Exclusive | Michael Bisping: Why the Sean Strickland-Khamzat Chimaev Drama Is Like “Arguing With Your Wife”

Michael Bisping Explains Sean Strickland-Khamzat Chimaev Drama With “Arguing With Your Wife” Comparison

Former UFC middleweight champion Michael Bisping says the post-fight friendliness between Sean Strickland and Khamzat Chimaev was real, even if the build-up looked ugly. In his breakdown after UFC 328, Bisping argued that the pre-fight tension was part emotion, part promotion, and that both men simply shifted once the belt was decided.
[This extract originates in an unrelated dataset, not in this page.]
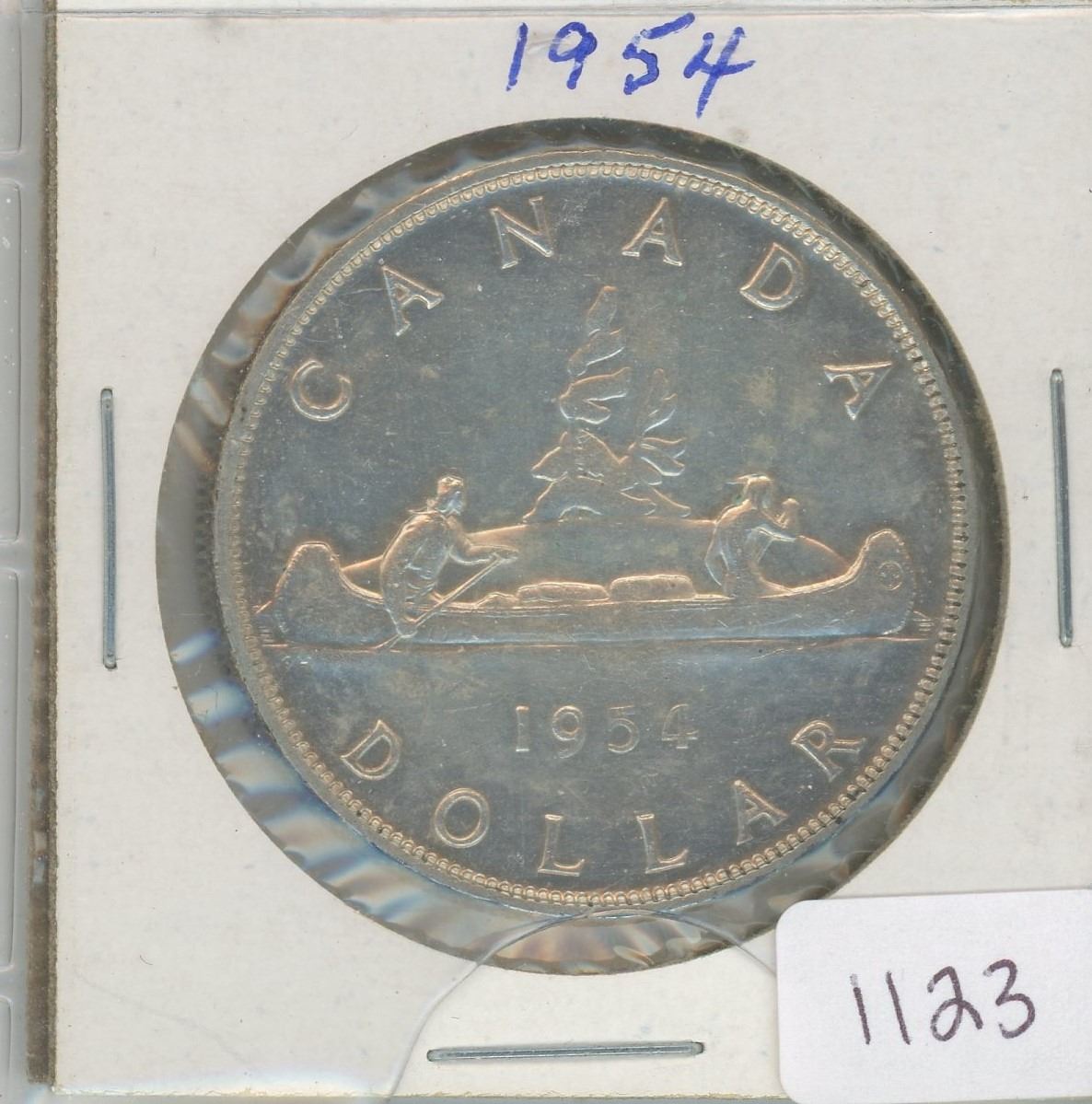 1954 SHORT WATER LINES CANADA SILVER DOLLAR

Michael Bisping Talks Sean Strickland & Khamzat Chimaev Bad Blood

Bisping pushed back on the idea that the rivalry was just “handbags,” saying anyone who thinks that “has never fought a day in their life.” He said the crowd, the stage and the pressure of a title fight can push fighters into saying things they do not fully mean, then cooling off once the cage door shuts. Speaking in an exclusive interview with LowKick MMA, with the help of the prediction market experts at www.casino.org/us, he said:

“It wasn’t handbags, and anyone that feels that way has never fought a day in their life. That was two guys that at that moment in time despised one another. You’re going to fight in an octagon, the emotions get the better of you, you’re in front of the stage, there’s thousands of people all cheering, and when you say some insulting words and you get a big round of applause, then that encourages you to play into that character even more.”
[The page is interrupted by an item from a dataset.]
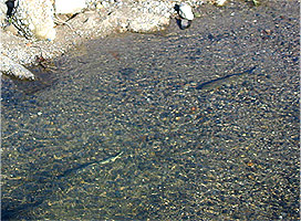 自然界では、アマゴ ・ヤマメ ・イワナなどサケ科魚類の雌の親魚は、秋に川底を掘って産卵し砂利で埋めます。冬に砂利の中で孵化した仔魚は、すぐには川の中には出てきません。仔魚は、腹部の卵黄を吸収しながら、砂利の中で春までじっと過ごします。そのため、川で仔魚を観察できる機会はなかなかありません。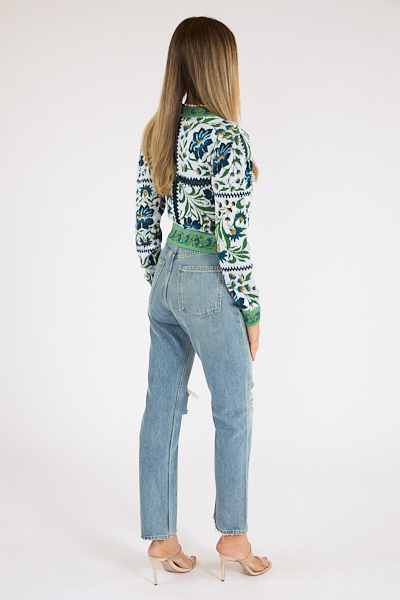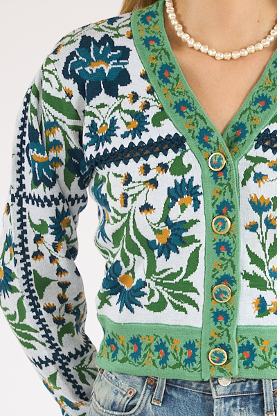 This floral cardigan features a contrasting border with delicate blooms and a crocheted inset for a subtle peekaboo detail. Finished with fabric-covered, flower-print buttons for a feminine touch.

He added that Strickland is “a wild guy” who speaks off the cuff, comparing fight-night trash talk to saying things in a heated argument you later regret.

“Sean Strickland’s a wild guy; he says things off the cuff in the moment. It’s like when you’re arguing with your wife, you say things you don’t mean if you’re in a heated argument. Emotions sometimes get the better of you, and then later on, unless you’re an absolute stubborn fool, you’re like, ‘oh yeah, sorry about that, I don’t know why I said that, I was pissed off, I was angry over that’. You know, it’s the same thing. They went toe to toe for 5 rounds. It was a very close matchup, and realistically, it could have gone either way, but Sean got it.”
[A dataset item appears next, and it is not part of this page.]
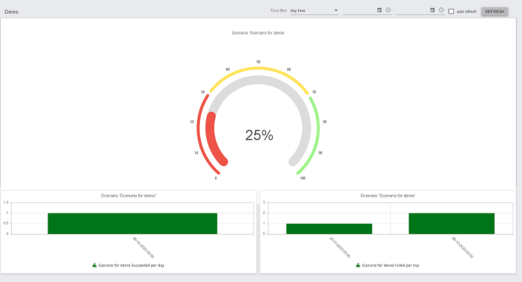 Status van een testrun, performance van een testcase of teststap over lange termijn zijn beschikbaar.

Sean Strickland vs. Khamzat Chimaev at UFC 328
NEWARK, NEW JERSEY – MAY 09: Khamzat Chimaev of the United Arab Emirates, (R), punches Sean Strickland of the United States in a middleweight title bout during UFC 328 at the Prudential Center on May 09, 2026 in Newark, New Jersey. (Photo by Ishika Samant/Getty Images)

Bisping said the five-round fight itself explained the mood shift. His view was that the pair went “toe to toe for 5 rounds,” left everything in the Octagon and ended up with mutual respect because neither man could finish the other. The aftermath fit that reading. Strickland beat Chimaev by split decision at UFC 328 in Newark, ending Chimaev’s unbeaten run and reclaiming the middleweight title. Notably, Chimaev later placed the belt around Strickland’s waist, which lined up with the calmer tone after the final horn.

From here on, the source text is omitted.